▸ **Collected data entries**:
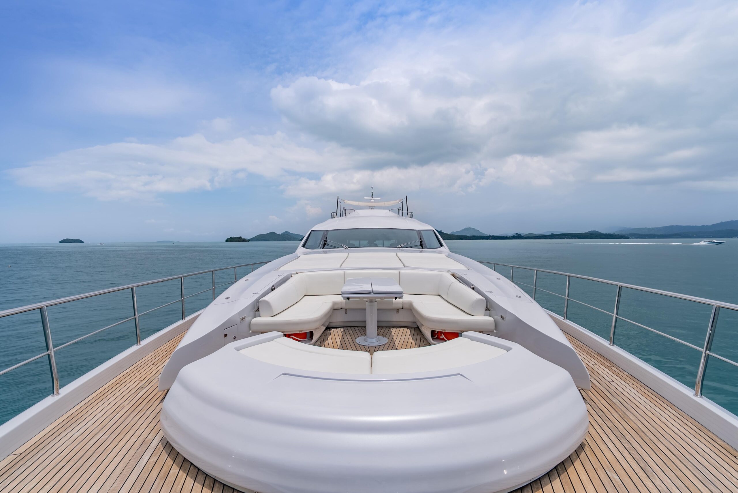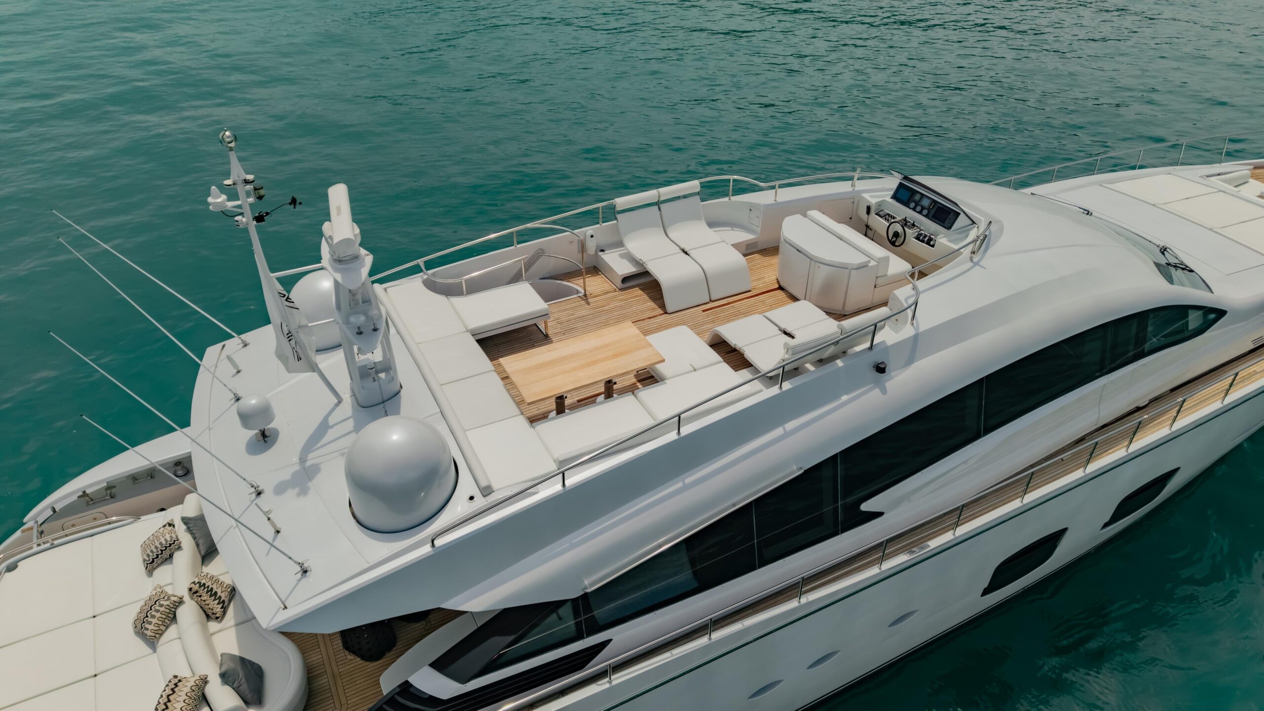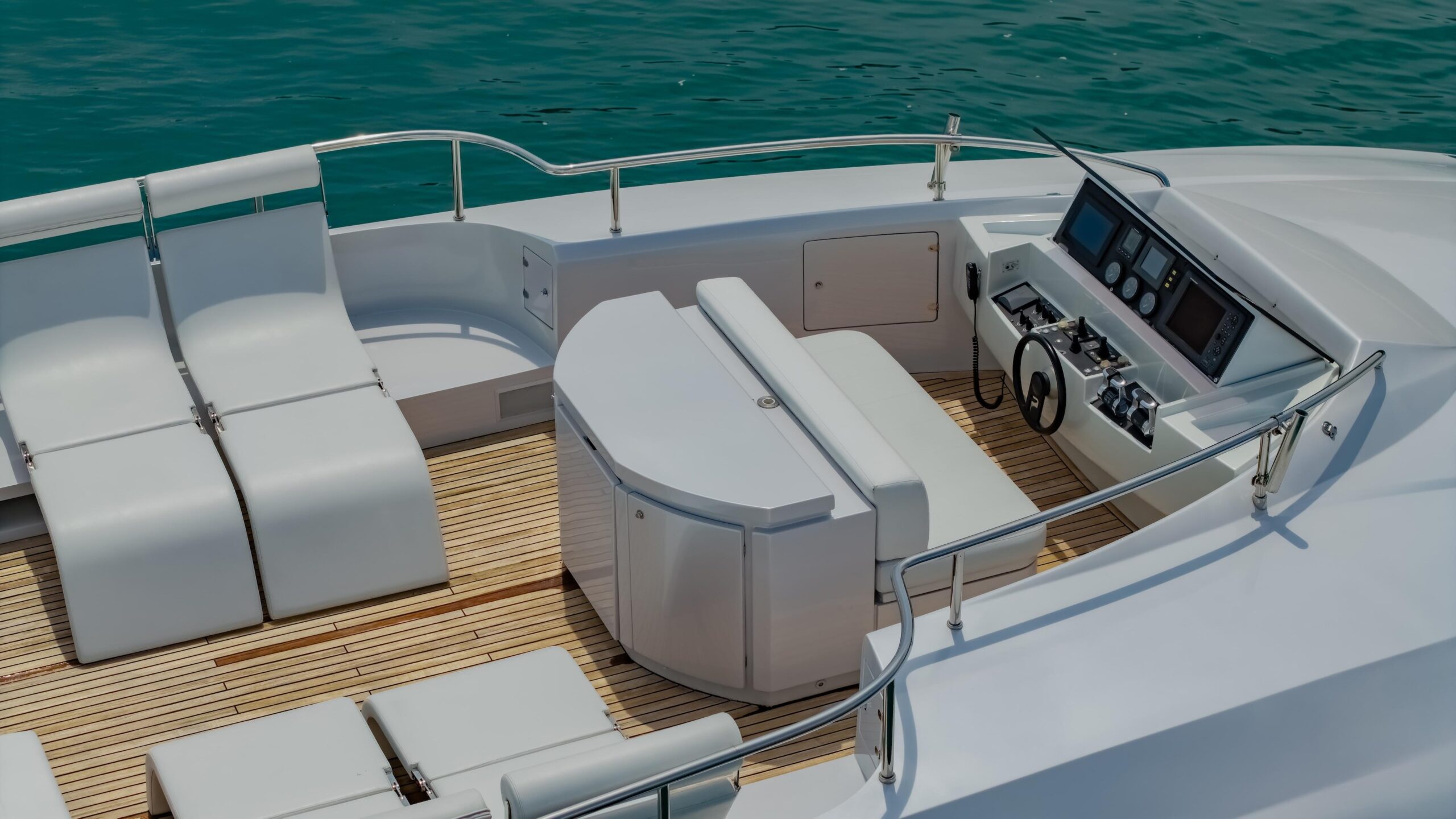 Невероятно просторная солнечная палуба оснащена выдвижной консолью управления, большим С-образным диваном со столом, который можно опустить до уровня сидений, а также четырьмя складными шезлонгами, превращающимися в удобные эргономичные кресла. Это автономная и функциональная зона, которой лучше всего наслаждаться в моменты расслабленного отдыха на борту.
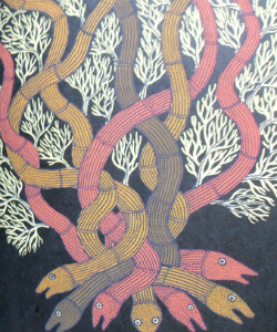 곤드족은 인도 중부 마디아프라데시 주에 사는 사람들인데, 이들은 시각이 뛰어나서 그들이 살고 있는 집의 흙바닥이나 벽에 그림을 그린다. 마치 원시시대의 삶의 모습이 그들의 주거지의 벽에 그려지듯이.
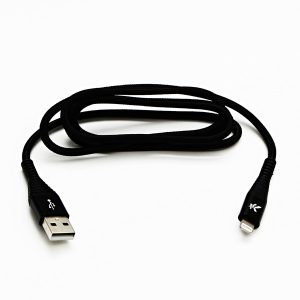 USB kabel 2.0 USB A samec Apple Lightning M 1m MFi certifikat 5V 24A czarny Logo box oplot nylonowy aluminiowa osłona
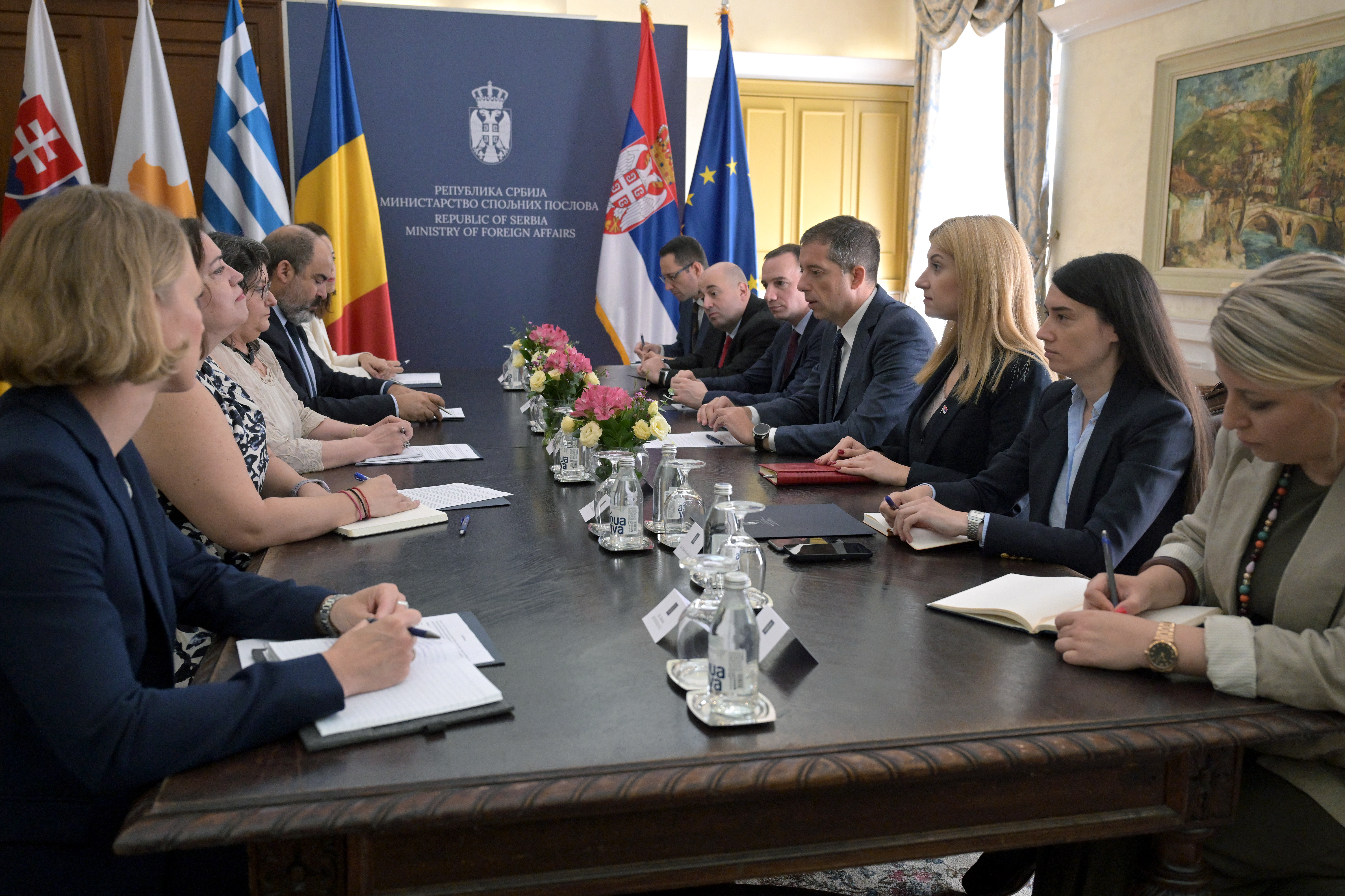 На састанку с амбасадорима Грчке, Кипра, Румуније, као и отправником послова Амбасаде Словачке, те дипломатским представником Амбасаде Шпаније, министар Ђурић је захвалио на поштовању територијалног интегритета и суверенитета Србије и принципијелној политици уважавања међународног права и повеље УН, истиче се у саопштењу МИП-а Србије с овог састанка.
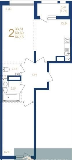 Общая площадь 64.2 м2
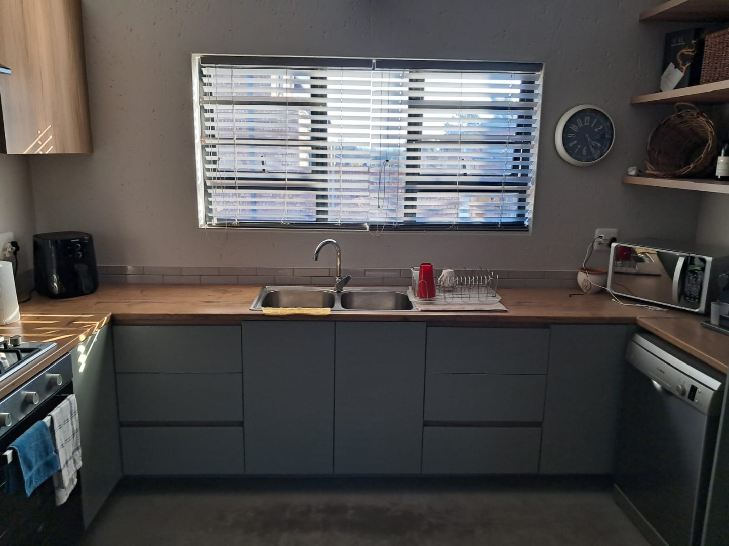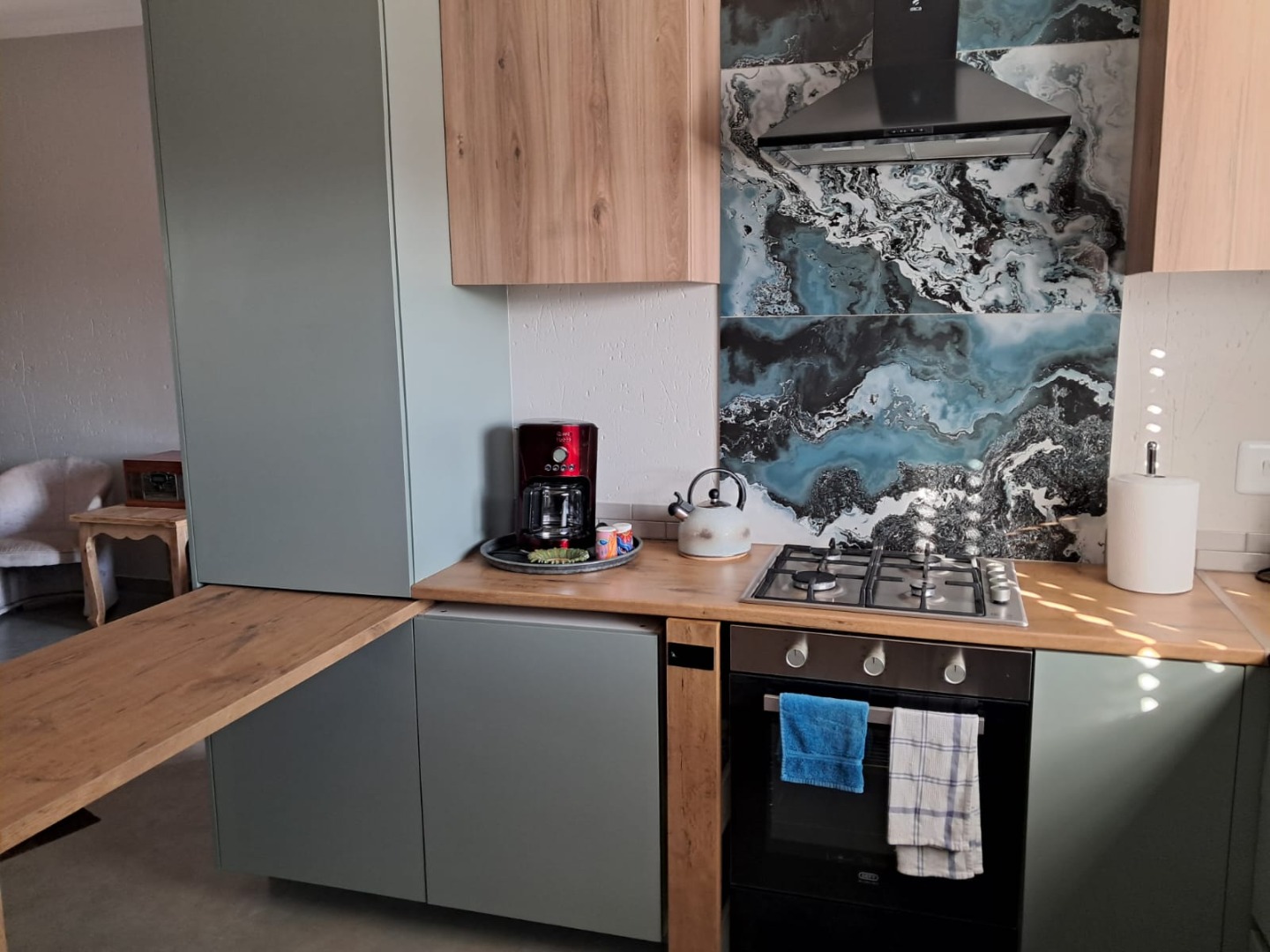 - Modern Kitchen with Gas Stove and Wooden Tops

▸ **Your objective**:
What is needed is a verbatim copy of the entries, leaving out any pictures.

▸ **Answer below**:
 Невероятно просторная солнечная палуба оснащена выдвижной консолью управления, большим С-образным диваном со столом, который можно опустить до уровня сидений, а также четырьмя складными шезлонгами, превращающимися в удобные эргономичные кресла. Это автономная и функциональная зона, которой лучше всего наслаждаться в моменты расслабленного отдыха на борту.
 곤드족은 인도 중부 마디아프라데시 주에 사는 사람들인데, 이들은 시각이 뛰어나서 그들이 살고 있는 집의 흙바닥이나 벽에 그림을 그린다. 마치 원시시대의 삶의 모습이 그들의 주거지의 벽에 그려지듯이.
 USB kabel 2.0 USB A samec Apple Lightning M 1m MFi certifikat 5V 24A czarny Logo box oplot nylonowy aluminiowa osłona
 На састанку с амбасадорима Грчке, Кипра, Румуније, као и отправником послова Амбасаде Словачке, те дипломатским представником Амбасаде Шпаније, министар Ђурић је захвалио на поштовању територијалног интегритета и суверенитета Србије и принципијелној политици уважавања међународног права и повеље УН, истиче се у саопштењу МИП-а Србије с овог састанка.
 Общая площадь 64.2 м2
 - Modern Kitchen with Gas Stove and Wooden Tops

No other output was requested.